> Posted by Alexandra Rizzi, Deputy Director of the Smart Campaign

The following is part of the Smart Campaign’s #FintechProtects series. We’re raising awareness about responsible digital financial services, spotlighting work from the Smart Campaign and others, and engaging with industry actors on how fintech can move forward in a way that’s best for clients. For more information on #FintechProtects, and to get involved, click here.

In financial inclusion circles there is palpable excitement around the promise of digital financial services (DFS) – most recently quantified by the McKinsey Global Institute as the potential for 1.6 billion individuals becoming banked, $2.1 trillion in loans disbursed, and 95 million new jobs. Yet, in order for this potential to be achieved, customers must trust the service. For instance, India-based MicroSave conducted research showing that while 85 percent of DFS customers said they would recommend DFS to others, they thought of it as a Plan B due to lack of trust. Issues that can erode or prevent trust from building include gaps in data protection and security, service downtime, insufficient transparency, agent misconduct and unauthorized fees, among others. As Graham Wright of MicroSave writes, “It is clear that there are immediate potential wins for DFS providers who address consumer protection issues.”

In this post the Smart Campaign spotlights a fast-growing fintech company, JUMO, that is helping to define what responsible digital finance means.

JUMO is a transaction and predictive technology platform that partners with mobile network operators (MNOs) and banks to reach consumers with digital financial services. JUMO’s first product is a proprietary technology platform that predicts which mobile customers are suitable candidates for credit, and then begins lending amounts as small as $2 USD that can, over time, progress to as much as $450 USD. To date, loans on JUMO’s platform have been accessed by over 4 million customers across Kenya, Tanzania, Zambia and Uganda. Direct interaction with both customers and MNO agents is intermediated through JUMO’s MNO partners, which is complemented by an in-house customer intelligence team that seeks feedback directly from customers.

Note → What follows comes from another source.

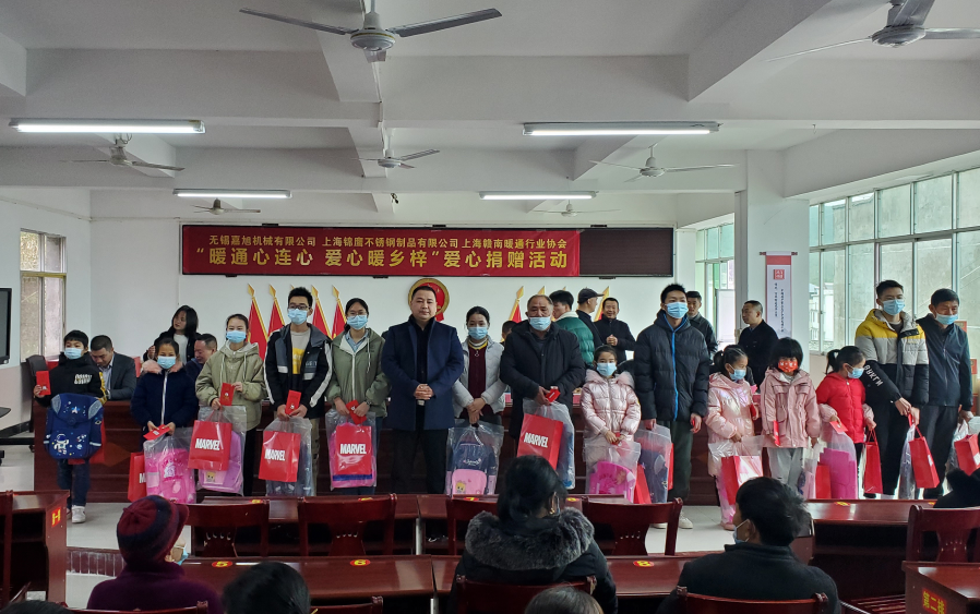1月28日,愛心企業無錫黄瓜视频在线观看機械有限公司、上海錦鷹(yīng)不鏽鋼(gāng)製(zhì)品有限公(gōng)司、上海贛南暖通行業協會攜手到謝坊鎮開展(zhǎn)“暖通心連心(xīn) 愛心(xīn)暖鄉梓”愛心捐贈活動。為落實好疫情防控工作,會場參會人員行程碼、健康碼均為綠色,參會期間全程帶好口罩,做好個人防(fáng)護工作。

JUMO has a vision beyond the successful growth of its technology platform. CEO Andrew Watkins-Ball has said, “Our ambition is to facilitate the financial inclusion of every adult in the markets we serve.” While many fintechs state similar aspirations, JUMO’s track record signals deeper commitment to quality financial services.

Last year CGAP conducted a series of experiments with JUMO in Kenya using variations in digitally-delivered terms and conditions to improve transparency and lower risk of default. Then in 2016, JUMO and its investor LeapFrog (via LeapFrog Labs) commissioned two adapted Smart Assessments of JUMO’s lending models in Tanzania and Kenya respectively. The Smart Campaign partner M-CRIL carried out the on-the-ground analysis which utilized the Client Protection Principles and standards to evaluate the mobile loan product offered on JUMO’s platform. It was a comprehensive analysis– from the design, marketing and piloting of the lending algorithm, to partner service level agreements; from communicating to clients around “strikes” (automatic debits from the customer’s mobile wallet against outstanding loan amount) to the customer service model to support queries/complaints. It was a valuable and meaningful learning experience for all parties, especially given how few fintech organizations have opened themselves up to such detailed analysis. Explaining JUMO’s perspective on opening up, Buhle Goslar, Director of Customer Intelligence at JUMO said, “Our work breaks new ground by including many customers that have never accessed formal financial services before. This is exciting, but also means we have a significant responsibility to make sure their first formal financial services experience is positive and empowering. That’s really important to us, so we’re open to testing, learning, sharing and collaborating – it’s a part of our contribution to building the digital financial services ecosystem.”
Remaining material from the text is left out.